This session is facilitated by Alexa Steinbrück
About this session
The session will start with a reflection on our relationship with voice assistants: it’s often surprising and fascinating how different people interact with these systems in their life.
Then we will go on by demystifying the technical inner workings of a voice assistant and pinpoint where is the AI in them.
Then we will look at how the makers of these tools construct a pseudo-humanity for them, focusing on their gendering as female and how that is problematic on many levels.
Finally, we will re-imagine and re-design these tools: In a hands-on exercise small groups of participants will imagine alternate personas for voice assistants. Can we imagine a non-female persona as an assistant? Can we approach AI in a non-anthropomorphic way?
Goals of this session
This session is a call to action towards questioning the ongoing humanisation of AI assistants, especially the gendering and “feminisation” of these systems and how that perpetuates (harmful) gender stereotypes.
This session should encourage people of diverse backgrounds and genders to question the status quo of voice assistants on the market and brainstorm how these systems can be designed differently, so that they do not rely on gender stereotypes.

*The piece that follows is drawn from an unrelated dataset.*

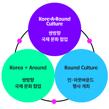 코리아라운드 컬처(Kore·A·Round Culture) 는 인아웃바운드 행사 개최를 의미하는 라운드 컬처(Round Culture) 와 한국을 거점으로 문화교류가 진행된다는 의미의 코리아 + 어라운드(Korea+Around) 를 결합한 명칭으로 쌍방향 국제문화협업 지원 사업을 의미합니다 .

I would also like to raise awareness about the limitations of these AI systems. The humanisation of AI is a general problem because it suggests that AGI (Artificial General Intelligence) is already there, but it is not. News tend to use phrases as “An AI did this”, as if these systems have intentionality, consciousness and human-like flexible intelligence. Dissecting the anatomy of these systems is an important step in demystifiying AI.